Fluid Management Strategies in ARDS
Fluid Management Strategies in ARDS
Abstract & Commentary
By Uday Nanavaty, MD, Pulmonary and Critical Care Medicine, Rockville, MD, Assistant Director AICU, St Agnes Hospital, Baltimore, is Associate Editor for Critical Care Alert.
Dr. Nanavaty reports no financial relationships related to this field of study.
Synopsis: In a large randomized trial of two fluid management strategies in patients with ALI or ARDS, investigators found no difference in mortality between liberal or conservative fluid strategies. In spite of arguments about early liberation from the ventilator and shorter ICU stays, the benefits of the rather complex "conservative" fluid management strategy remain unclear.
Source: The ARDS Net Investigators. Comparison of two fluid-management strategies in acute lung injury. N Engl J Med. 2006;354:2564-2575.
Proper fluid management of patients with acute lung injury (ALI) or the acute respiratory distress syndrome (ARDS) is important. Although the pulmonary edema in ARDS patients is not due to increased hydrostatic pressures, it is believed that there is more fluid leakage at higher pressures. Further, if fluid administration results in lower blood oncotic pressure, it may result in an increased tendency towards edema formation. Whether restricting intravenous fluids or early diuresis can improve mortality in patients with ALI or ARDS is not clear, so the investigators conducted a randomized, controlled, clinical trial of a liberal fluid strategy (which might be considered usual practice) compared to a conservative strategy (the experimental strategy for this trial). Participants of this trial were additionally randomized to receive either a central venous catheter (CVC) or a pulmonary artery catheter (PAC) to further direct the fluid management. Since the outcomes were the same whether the patients received a PAC or a CVC, in the analysis the fluid management strategy was used to group the patients irrespective of which catheter was used.
Over 4 years, more than 11,000 patients were screened, and 1001 patients were enrolled in the study. Patients were of similar age and severity of illness. Within 48 hours of development of ALI or ARDS, patients were randomized to a conservative (503 patients) or liberal (497 patients) fluid management strategy with fluid management being directed by a pre-determined protocol. For patients in shock, liberal fluid use was allowed in the conservative strategy, and for patients with high oxygen requirements, fluid boluses were somewhat restricted at adequate filling pressures in the liberal strategy. The details of this fluid management strategy are beyond the scope of this review. The ventilator management was per ARDS Network protocol of lung protective ventilation.

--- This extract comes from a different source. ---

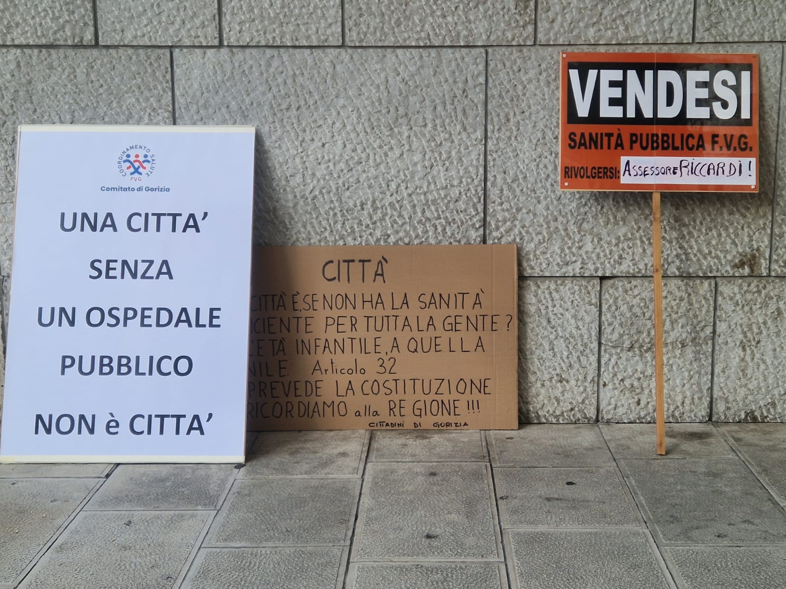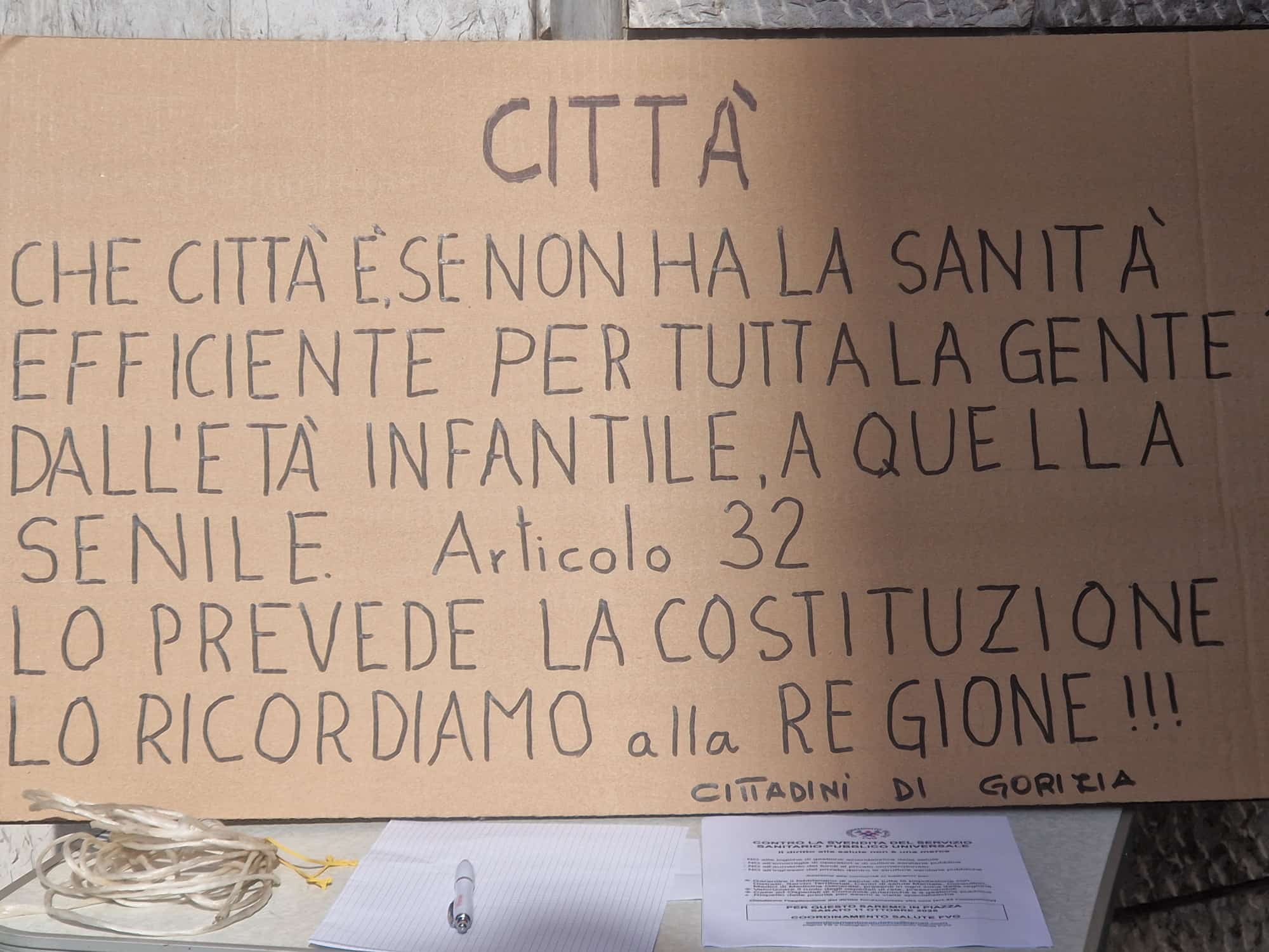 «Vendesi la sanità pubblica del Friuli Venezia Giulia, per informazioni rivolgersi all’assessore Riccardi». Un cartello rosso realizzato dal Comitato di Salute Pubblica di Gorizia che riflette con amara ironia la tragicità della sanità italiana. Il presidio organizzato nella mattinata di oggi – 11 ottobre – in Corso Verdi si è prefisso il duplice obiettivo di risvegliare la cittadinanza dal torpore della rassegnazione, per informarla in merito alla situazione locale e regionale. «Questa giornata è stata scelta dal Coordinamento Regionale Salute FVG – spiega il presidente del Comitato Daniela Careddu – un’organizzazione civica di cittadini che segue quanto accade in Regione in ambito sanitario, battendosi per la salvaguardia del servizio pubblico». Una manifestazione che unisce tutte le piazze della Regione, da Trieste a Pordenone, in un grande abbraccio corale che possa scuotere anche le coscienze delle amministrazioni. «Vogliamo informare i cittadini – prosegue – e dare risalto a quanto viene poco seguito dagli organi di stampa, per fornire un’informazione corretta. La sanità pubblica sta attraversando una grave crisi, in quanto da decenni si procede verso la privatizzazione». Il rischio sempre più reale è la trasformazione del vecchio ente in una “struttura d’élite” accessibile solo a pagamento, esclusiva per quanti dispongono del denaro necessario a visite ed esami.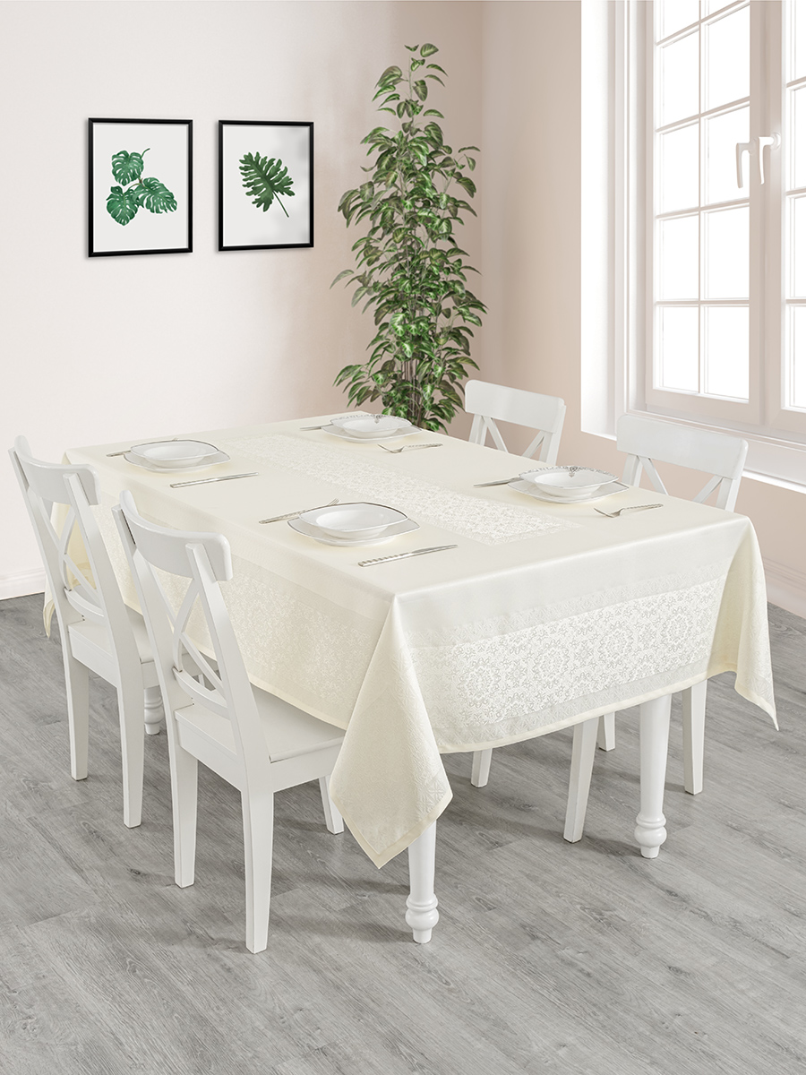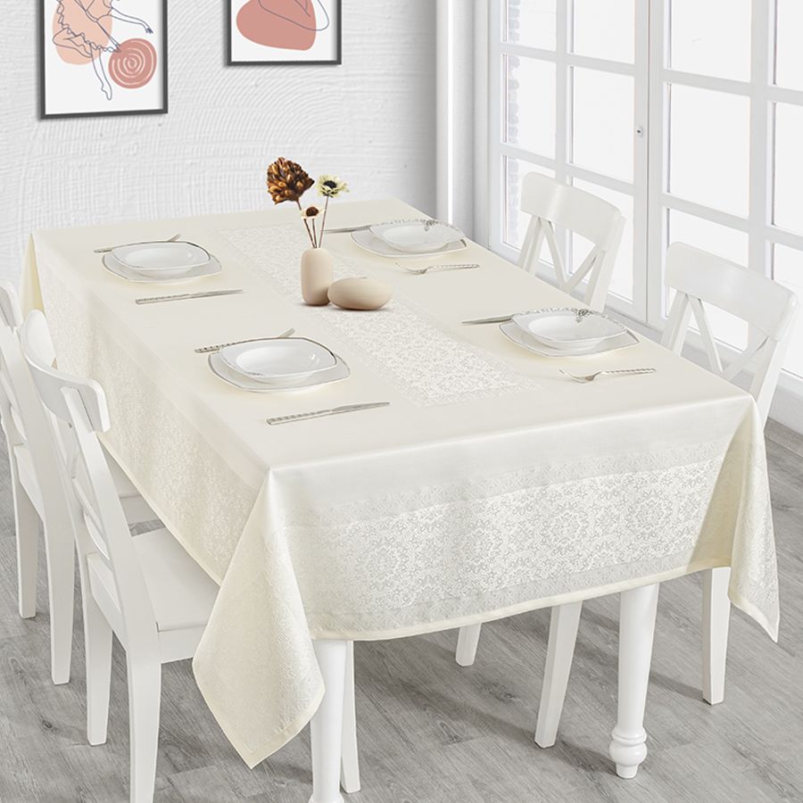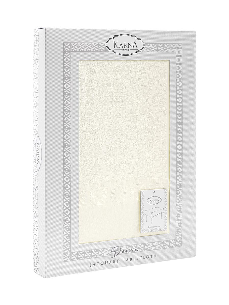 Жаккардовая скатерть Karna Darvin из высококачественного полиэстера - легкой, быстросохнущей и воздухопроницаемой ткани, обладающей многими удобными качествами. Полиэстер – влагостойкий материал, не теряющий прочности при намокании. Скатерти из полиэстера устойчивы к образованию пятен и прекрасно переносят умеренное тепловое воздействие. Ткань необыкновенно прочная и устойчива к деформации или смятию. Такая скатерть замечательно сохраняет форму, не подвергается усадке, легко стирается, не мнется и даже после продолжительной эксплуатации выглядит как новая. Продукция турецкой фирмы Karna станет украшением Вашего дома, освежит интерьер кухни. Скатерть послужит отличным подарком.

At 60 days, there was no difference in mortality rate between the conservative management (25.5 ± 1.9%) or liberal management (28.4 ± 2.0%) strategies. The conservative strategy patients had more ventilator-free days, days free of central nervous system failure, and ICU-free days, during the first 28 days. There were no significant differences in the number of failure-free days for other organs during the first 28 days, although there was a small increase in the number of cardiovascular-failure free days during the first 7 days with the liberal strategy. Black patients seem to have experienced a higher mortality rate, but that difference was not significant once adjustment for co-morbidities was made. The numbers of patients needing renal replacement therapies were similar in the two groups.
Commentary
In my honest opinion, this massive study proves nothing. When 11,000 patients are screened and only 10% are eligible or enrolled in a trial, generalization of the study's findings is impossible. The protocol seems tedious and almost unrealistic in clinical application. Although the authors have gone to great lengths to suggest that ventilator-free days and days out of the ICU were statistically significantly better with the conservative (experimental) strategy, those conclusions seem just statistics and are unlikely to change practice very much. The authors have tried to dig hard into the database to come up with some positive conclusion of this massive clinical exercise but have come up really empty handed.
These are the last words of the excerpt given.